• What you have to do
Please write out the lines of the data exactly, beginning with the first and ending with the line containing "Detalhes: PM1 Tênis"; leave the pictures behind.

• Supplied data
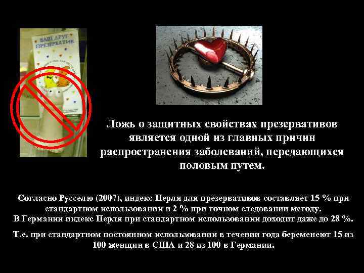 Ложь о защитных свойствах презервативов является одной из главных причин распространения заболеваний, передающихся половым путем. Согласно Русселю (2007), индекс Перля для презервативов составляет 15 % при стандартном использовании и 2 % при точном следовании методу. В Германии индекс Перля при стандартном использовании доходит даже до 28 %. Т. е. при стандартном постоянном использовании в течении года беременеют 15 из 100 женщин в США и 28 из 100 в Германии.
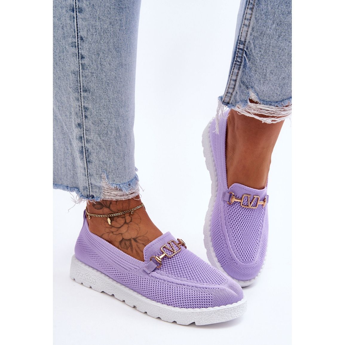 Detalhes: PM1 Tênis feminino sem cadarço com enfeites roxo Alena
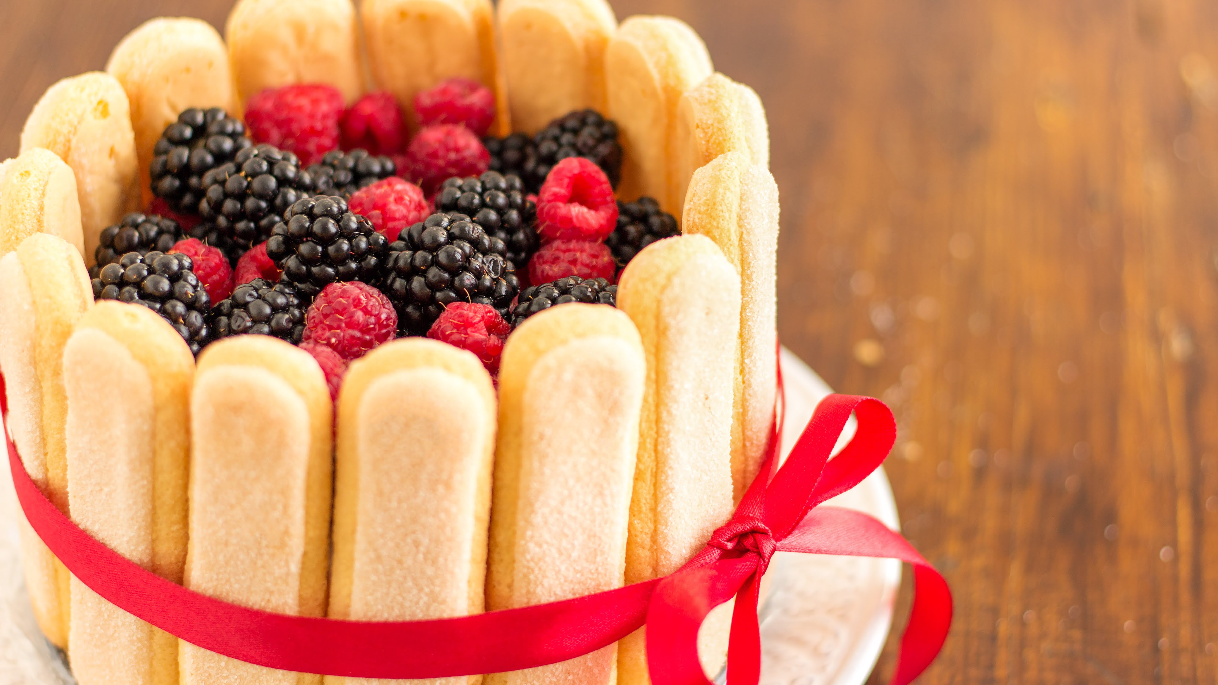 Para hacer esta tarta, es recomendable utilizar el molde desmontable de Lékué 18 centímetros de diámetro. Con este molde, podremos desmoldar la tarta sin problemas y dejarla directamente el plato de cerámica. Preparamos las bizcotelas, cortándolas un poquito para dejar un extremo plano y que puedan aguantarse de pie en el molde. Para cubrir este molde necesitamos recortar 23 bizcotelas. Para hacer la mousse utilizamos fruta del bosque confitada. Es muy cómodo utilizar este formato, pero también podéis confitar vosotros mismos la fruta o utilizar mermeladas naturales. Vertemos el contenido del primer bote y para que la mousse no nos quede líquida, escurrimos el contenido del segundo bote, para únicamente agregar la fruta. Ahora, con una batidora de mano, trituramos la fruta confitada para hacer un puré. De esta manera, tendremos la fruta repartida en la mousse de manera uniforme. Una vez triturada, la reservamos para más adelante. En otro bol, ponemos agua bien fría y vamos introduciendo una a una las láminas de gelatina, asegurándonos de que queden totalmente cubiertas por el agua. Las dejaremos reposar así durante 10 minutos. Ahora vertemos la nata bien fría en la batidora. Con el globo batimos a velocidad alta durante 2 minutos. Pasados los 2 minutos, añadimos el azúcar en forma de lluvia y dejamos que se bata 1 minuto más. Ahora, calentamos la leche en el microondas. Una vez caliente, escurrimos cada una de las láminas de gelatina y las introducimos en la leche. En unos segundos las láminas quedarán completamente disuelta. Agregamos una cucharada del puré que habíamos reservado en la leche para enfriarla un poquito. Una vez disuelta la fruta, vertemos la leche en el resto del puré y con una cuchara removemos bien para que se integren todos los ingredientes. Antes de mezclar la nata con el puré, igualaremos un poco las temperaturas. Así que añadimos una buena cucharada de nata en el puré. Mezclamos bien hasta integrarla por completo, así seguro que no se cortará la mousse cuando la mezclemos. Cuando esté bien integrada, vertemos todo el contenido sobre la nata y con una lengua repostera, lo incorporamos haciendo movimientos envolventes. Una vez integrada, la dejamos a un lado mientras preparamos el molde. Para montar la tarta empezamos mojando el lado más liso de las bizcotelas y las colocamos alrededor del molde, teniendo en cuenta que el lado que hemos mojado debe ir en la parte interior de la tarta. Así, dejamos el lado rugoso y rústico hacía fuera. Poco a poco vamos cubriendo con las bizcotelas todo el molde. Si se os dificulta un poco mantenerlas de pie, podéis poner bizcotelas totalmente empapadas en leche, en la base de la tarta. Así, aguantarán con más facilidad las bizcotelas de los bordes. Cuando terminemos de cubrir todo el molde, rellenamos la base. Una vez cubierta la base, ponemos la mitad de la mousse de frutos del bosque por encima. También podéis hacer la mousse de otro sabor o utilizar crema pastelera. Una vez puesta, con la misma cuchara, la aplanamos un poquito y la ajustamos a los bordes. Ahora, volvemos a poner otra capa de bizcotelas completamente empapadas en leche. Aprovechad trocitos pequeños para cubrir todos los huecos posibles. Así, cuando cortemos la tarta, tendremos una capa homogénea de bizcotelas. Finalmente añadimos el resto de la mousse por encima y aplanamos la superficie. Llevamos a la nevera durante 6 horas. Para decorar la parte superior de la tarta utilizamos fresas, moras y grosellas naturales. También le añadimos frambuesa y mora deshidratada para darle un toque diferente. Y decoramos con unas hojas de menta y azúcar glass espolvoreada con ayuda de un colador. Desmoldamos la tarta con cuidado y le damos el toque final con una cinta.

• Answer section
 Ложь о защитных свойствах презервативов является одной из главных причин распространения заболеваний, передающихся половым путем. Согласно Русселю (2007), индекс Перля для презервативов составляет 15 % при стандартном использовании и 2 % при точном следовании методу. В Германии индекс Перля при стандартном использовании доходит даже до 28 %. Т. е. при стандартном постоянном использовании в течении года беременеют 15 из 100 женщин в США и 28 из 100 в Германии.
 Detalhes: PM1 Tênis feminino sem cadarço com enfeites roxo Alena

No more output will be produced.